A Retail Client is an individual or small business that purchases a prescribed retail insurance product. A small business is one employing less than 20 people or if a manufacturer, less than 100 people. The small business must purchase the insurance for use in connection with the business.

The following are considered to be prescribed retail insurance products:

  • Motor vehicle;
  • Home building;
  • Home contents;
  • Sickness & accident;
  • Consumer credit;
  • Travel;
  • Personal & domestic property;
  • Any other kind of insurance prescribed in the regulations.

All other clients are Wholesale Clients. All products which are not prescribed to be retail are wholesale.

Retail Client Disclosure

The Corporations Act 2001 (Cwlth) imposes certain requirements when dealing with retail clients. These are summarised as follows.

Before any advice is provided the retail client must be provided with a Financial Services Guide (FSG) that includes the following:

· Name and contact details of the provider

· What services the provider is authorised to provide

· Who the provider acts provider acts for and any significant associations

· How the provider will be remunerated

· The dispute resolution process

· If the provider acts under a binder, information about what services will be provided under the binder

Where Personal Advice is given to a retail client on consumer credit or sickness and personal accident insurance then a Statement of Advice (SoA) must be issued. This Statement of Advice must detail the following:

· The client’s circumstances and objectives

· A note about incomplete and inaccurate information

· The basis of the advice

· The provider’s advice

· Details of the provider’s charges

· Important relationships

· The provider’s contact details

For Personal Advice in respect of any other retail products information must be provided about the remuneration or other benefits and any other associations in the form of a Letter of Advice (LoA) or Record of Advice.

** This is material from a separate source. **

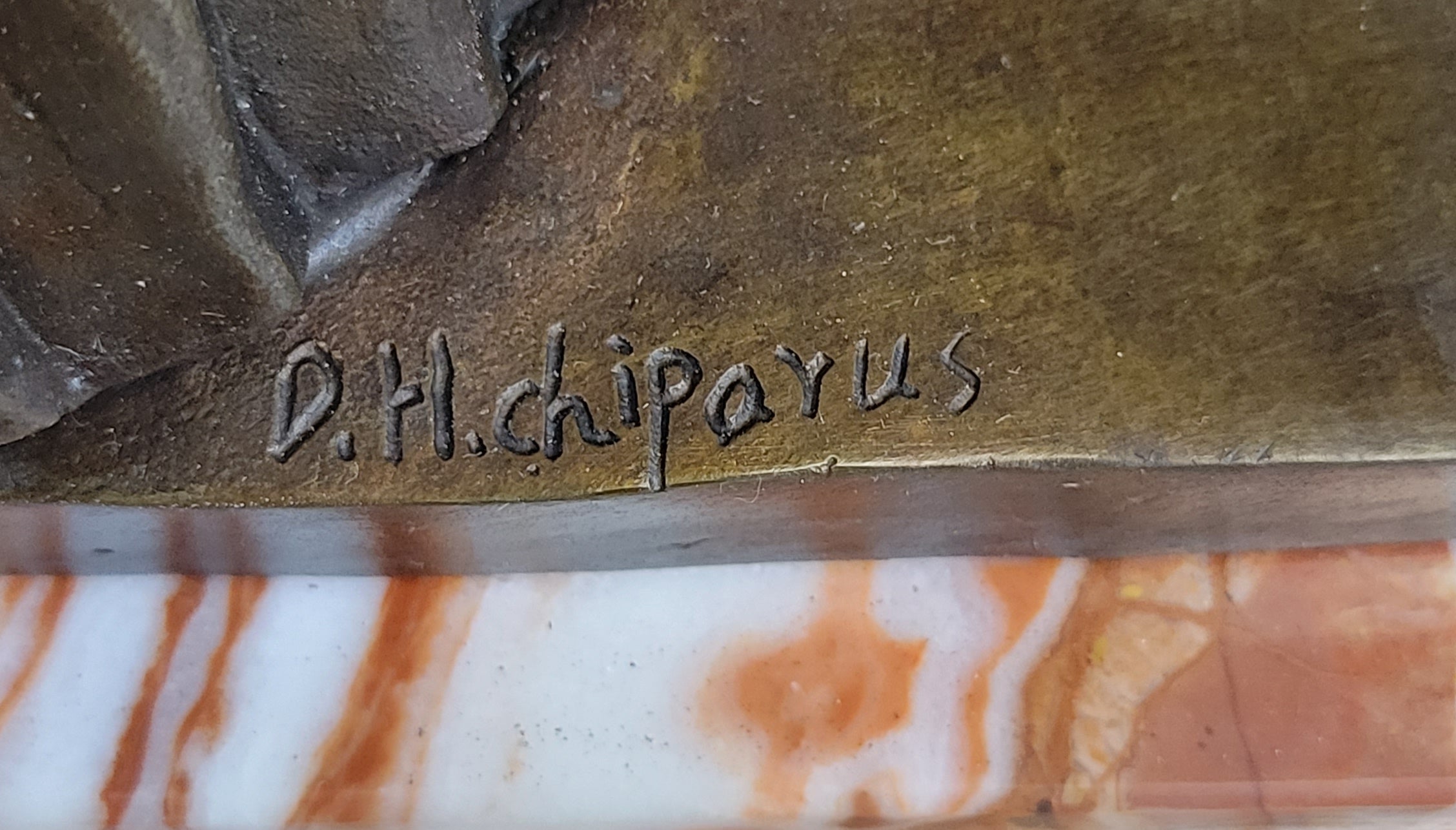 Crafted with utmost care and precision, this handmade bronze sculpture showcases the timeless artistry of the lost-wax casting method. The brown patina finish preserves the sculpture's intricate details and ensures its longevity. Mounted on a variegated red Tennessee marble base, this masterpiece exudes a sense of sophistication and elegance. The signature of the renowned artist D.H. Chiparus adds to its value, signifying the quality and artistry of the sculpture.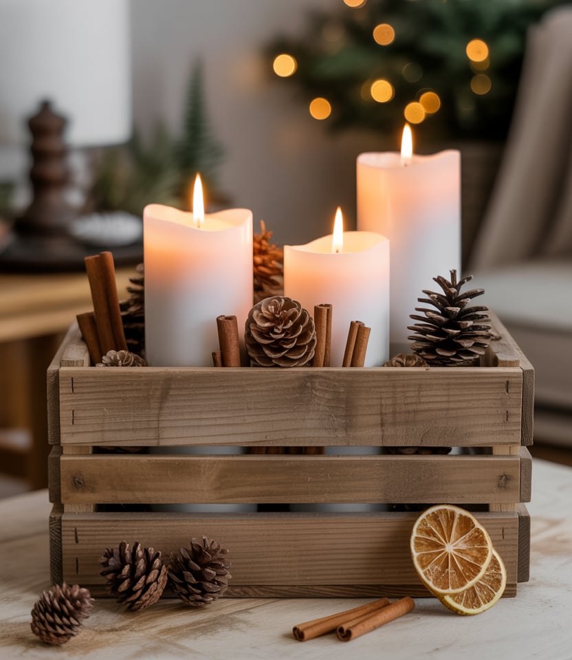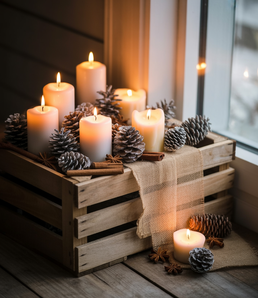 Candles arranged in rustic trays or old crates bring warmth. Many designers say it’s one of the easiest for the home rustic projects. Perfect for fire places, mantels, or dining tables, these for the home diy displays make evenings special. Adding pinecones or cinnamon sticks enhances the seasonal feel.

No recommendation to purchase an insurance product = No SoA

SoA no longer need to be provided if personal advice does not contain a recommendation to purchase a particular insurance product and the adviser is not remunerated for the advice.

Advisers must still retain a record of their advice - and will need to record in it any benefits that any person will receive arising from the client's decision based on advice and any associations that may have influenced the advice.

Where General Advice is provided to a retail client, a General Advice Warning must be given to the retail client stating that the advice has not taken into account any personal information.  

When a retail client is recommended to acquire a financial product then a Product Disclosure Statement (PDS) must be issued to the retail client. The Product Disclosure Statement (PDS) details information about the particular product being recommended.